Дублинцы - Джеймс Джойс 2 стр.


И вот детство позади. Следующая стадия – юность. Эвелин, героиня одноименного рассказа, хотя и понимает, что в Ирландии ее ожидает участь не лучшая, чем судьба сошедшей с ума матери, не в силах порвать с тупой работой, убожеством дома, всем монотонным существованием. Трагедия не только Эвелин, но целого поколения ирландцев в том, что они не могут стряхнуть путы.

Те, кто остаются в Ирландии, обречены превратиться в героев рассказа «После гонок». Джим, сын дублинского мясника (деталь для Джойса весьма значительная), достойный представитель ирландской «золотой молодежи», с юности включился в бессмысленные гонки по жизни.

В рассказе «Два рыцаря» жестоко высмеян моральный кодекс молодых людей, которые не гнушаются никакими средствами – лишь бы раздобыть денег. Само название глубоко иронично: рыцарь, идеал мужской добродетели минувших столетий, в аморальном мире Дублина превратился в жалкого сутенера.

В джойсовском рассказе о ловле жениха («Пансион») нет ничего комического. Нудный и вязкий быт исключает радость. В этом царстве мясников (отец героини – тоже мясник), расчетливых матерей, девушек, не имеющих никакого нравственного чувства, жить не скучно, но жутко.

В рассказах о зрелости (они же повествуют и об общественной жизни Дублина) перед читателем проходит вереница несостоявшихся людей, которых Джойс видит и в среде буржуазии, и интеллигенции, и рабочих. Паралич охватил все слои ирландской жизни.

Джойс лепит характер из полутонов: в самом отпетом человеке он видит человеческое, а потому сторонится поспешных, скорых выводов. Даже когда степень нравственного падения оказывается сокрушительной, когда мало или же вовсе нет надежды на возрождение (клерк Фэррингтон в рассказе «Личины»), Джойс заставляет нас понять причины краха. Авторская позиция проявляется в случайных, на первый, быстрый взгляд почти незаметных деталях. Но в прозе, в которой нет ничего случайного, не случайно и частое, почти назойливое определение «человек» по отношению к Фэррингтону. Оно подчеркивает обезличенность в овеществленном мире, сознательную стертость личности, но оно же без ненужной патетики напоминает читателю, что даже «бывший» человек – человек.

Джойсовская деталь несет огромную нагрузку в тексте – ее правильное понимание может решительным образом изменить все видение рассказа.
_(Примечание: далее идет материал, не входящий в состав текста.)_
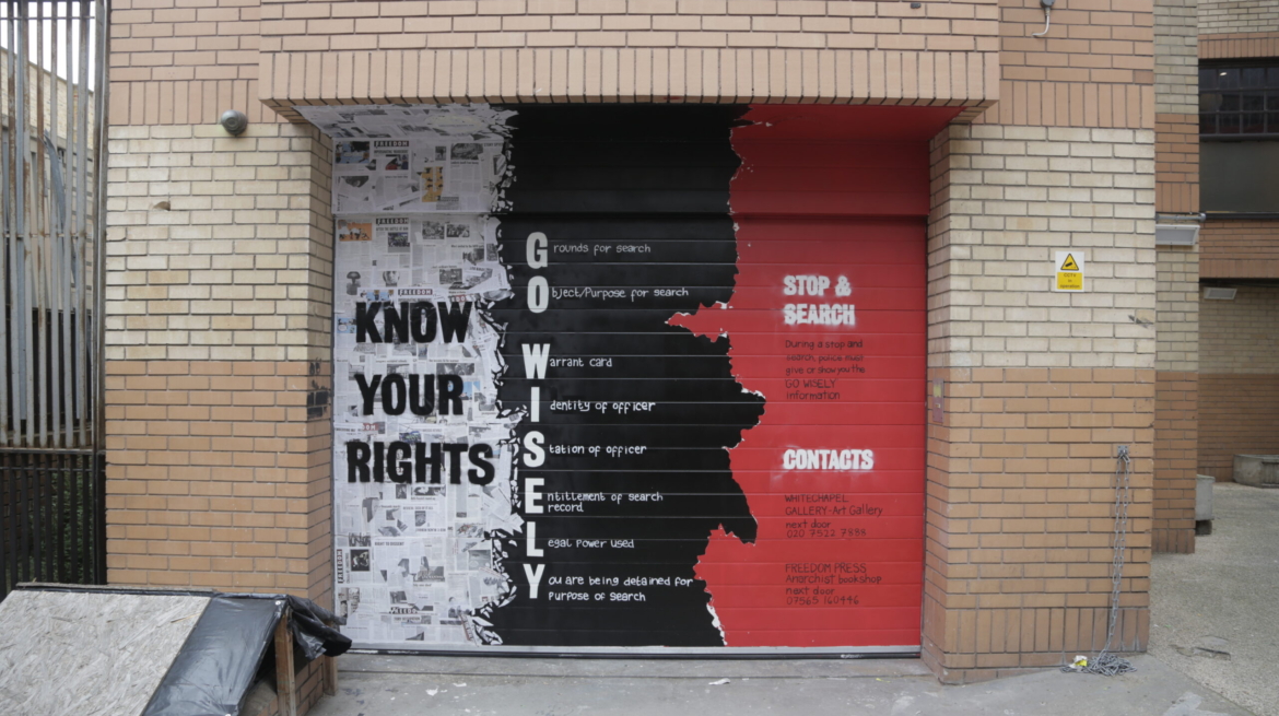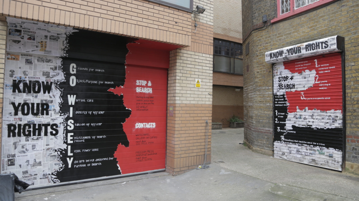 The Know Your Rights murals, designed by RESOLVE Collective, in collaboration with the Angel Allies, cover the rear shutters of Whitechapel Gallery and Freedom Press. The two murals provide essential information on citizens’ rights and police conduct for all users of the Alley. The Gallery’s shutter features the GOWISELY acronym, while the shutter on Freedom Press displays additional information from GOV.UK on police ‘stop and search’ powers, offering crucial guidance to those who may be unaware of their rights.

Поначалу кажется, что Джойс симпатизирует Крошке Чендлеру из рассказа «Облачко»: он порядочен, особенно по сравнению с Галлахером, он любит стихи, мечтает о творчестве. Но поэтический ореол, окружающий его, начинает тускнеть, когда мы внимательнее вчитываемся в детали: Chandler – «свечный фабрикант», «торговец свечами» – нет, он не та свеча, которая рассеет мрак Дублина. Да и поэзия, вызывающая его восхищение, – всего лишь незрелые юношеские стихи Байрона.

Джойсу совсем не свойственна сентиментальность и слащавость в обращении с его «маленькими людьми». Но именно такой суровый реализм рождает неподдельное сочувствие. Ему искренне жаль прачку Марию из рассказа «Земля» – она жертва безжалостной, тупой жизни. Щемящей грустью пронизана сцена, когда Мария поет песню «Мне снилось, что я в чертогах живу» и повторяет строчку о чертогах и недоступной ей любви дважды.
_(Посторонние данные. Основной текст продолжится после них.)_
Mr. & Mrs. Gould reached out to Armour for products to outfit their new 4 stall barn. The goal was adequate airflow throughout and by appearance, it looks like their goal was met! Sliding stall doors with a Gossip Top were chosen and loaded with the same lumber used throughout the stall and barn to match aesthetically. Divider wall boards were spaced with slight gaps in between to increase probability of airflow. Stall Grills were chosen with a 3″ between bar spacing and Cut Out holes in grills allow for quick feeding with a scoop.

Джойс не лишает своих героев надежды на другую жизнь. Для мистера Даффи из рассказа «Несчастный случай» такой возможностью стала встреча с полюбившей его миссис Синико. Но он, в своем эгоизме и гордыне, отверг этот драгоценный дар, а миссис Синико, не перенеся разлуки, покончила с собой. И хотя судебное разбирательство никого не сочло виновным – недаром Джойс предпослал столь ироничное, остраненное заглавие рассказу: «Несчастный случай», – для автора нет прощения человеку, убившему живую душу другого.

«В день плюща», «Мать», «Милость божия» – наиболее сатирические рассказы «Дублинцев»; здесь мишень Джойса – ирландская политика, искусство, религия.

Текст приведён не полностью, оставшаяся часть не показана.